International terrorist groups are skilled at using modern technology, recruit hackers into their ranks and actively finance their activities with cryptocurrencies, the head of Russia’s Federal Security Service (FSB) has said.
“We are not talking only about aggressive propaganda and recruitment on the internet, which currently has over 10,000 [terrorist-related] websites and hundreds of thousands of their accounts on social networks. I am talking about large-scale use of various means of encrypted communication, electronic banking and cryptocurrencies, schemes of remote management and financing of terrorist activities,” RIA Novosti quoted FSB director Aleksandr Bortnikov as saying on Wednesday.
The official added that in 2017, Russia saw four terrorist attacks and 25 more were prevented by the country’s special services. “All of these were coordinated by means of internet messengers, in some cases from the territories of Syria and Iraq,” he said. “Along with that, the terrorists are constantly broadening their presence in the international community of hackers and even organize their own hacker units,” Bortnikov said.

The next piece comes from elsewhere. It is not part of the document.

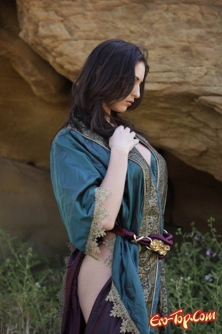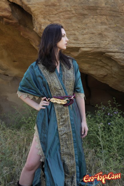 Дамочка с широким тазом и привлекательным бюстом красивой формы выбралась на природу в необычном наряде. Судя по всему, она в образе сексуальной принцессы с каким-то артефактом в руках. В процессе фотосессии наша героиня полностью обнажилась и предстала перед нами в разнообразных позах. Следует отметить, что у девушки небритая киска и шикарные бедра, по которым так и хочется шлепнуть.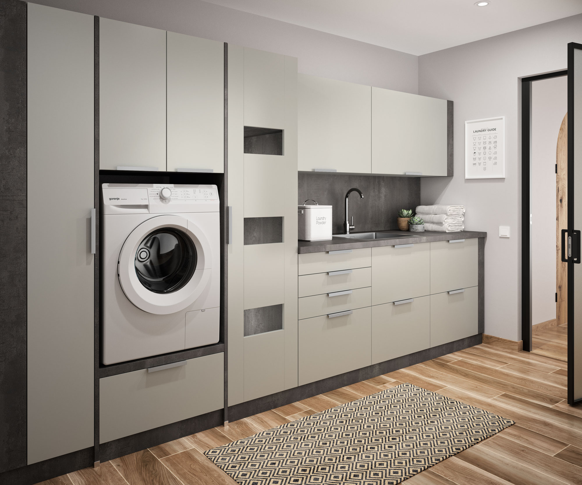 Durch genau durchdachte Arbeitsabläufe und Besonderheiten wie dem Wäschetrennsystem oder der ausziehbaren Arbeitsfläche fällt jeder Handgriff leicht. Alle Wasch- und Putzutensilien sowie Bügelbrett und Staubsauger haben hier ihren Platz und können ordentlich verstaut werden. In so einem Raum fällt es leicht, Ordnung zu halten. Da wird die Pflicht sogar zur Kür.

It is not the first time the Russian security chief has warned about the possible negative consequences of the use of modern data technology by terrorists and other extremists. In mid-2017, Bortnikov delivered a closed report on the subject to the Russian parliament. According to several MPs who heard the report, the FSB chief and lawmakers agreed on the primary importance of joint measures to defend national sovereignty in cyberspace. In particular, they want Russia to develop its own software and chips and also force international companies working in Russia to move their servers to its territory.

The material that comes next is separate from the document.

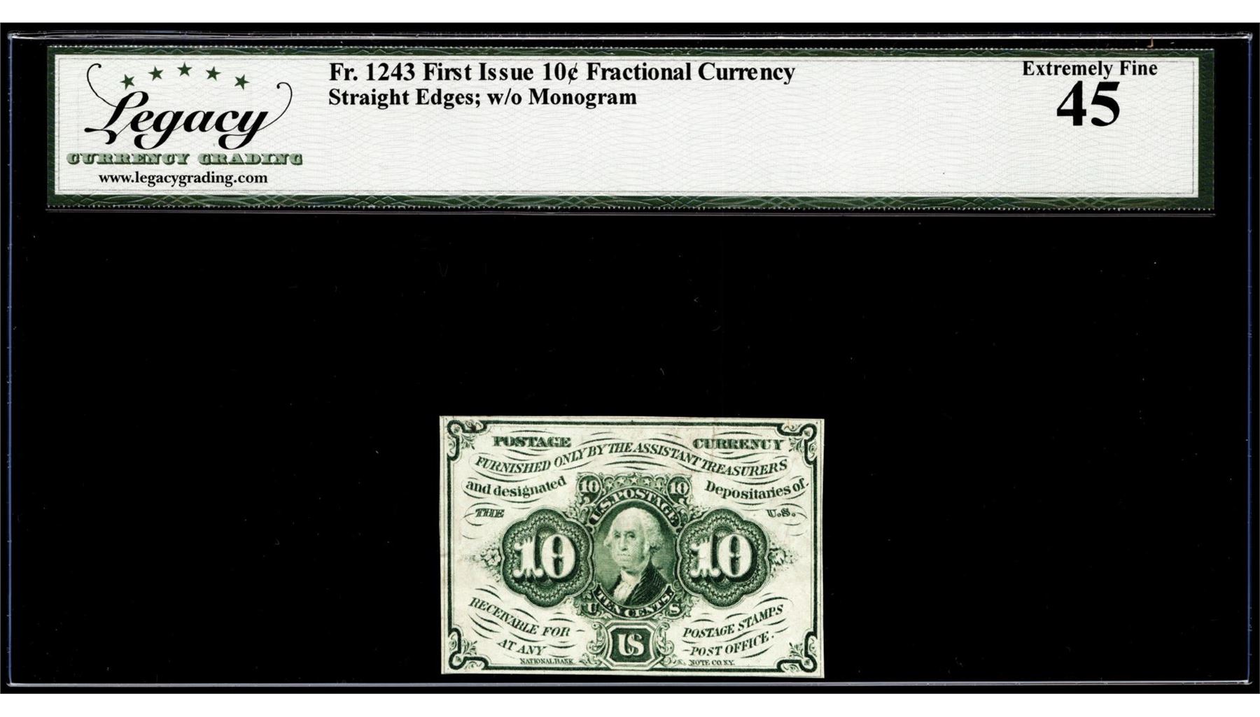 One 1862 First Issue 10 Cents Fractional Currency Note Fr.1243 Legacy Extremely Fine 45. Legacy Graded.

In 2013, Bortnikov told reporters that he had personally ordered preparations for laws that would block the TOR anonymity network from the Russian sector of the internet. He noted that the FSB had initiated the move as internet anonymizers were used by weapon traffickers, drug dealers and credit card fraudsters, giving the FSB an obvious interest in limiting the use of such software. However, no particular action against TOR has been taken in Russia since then.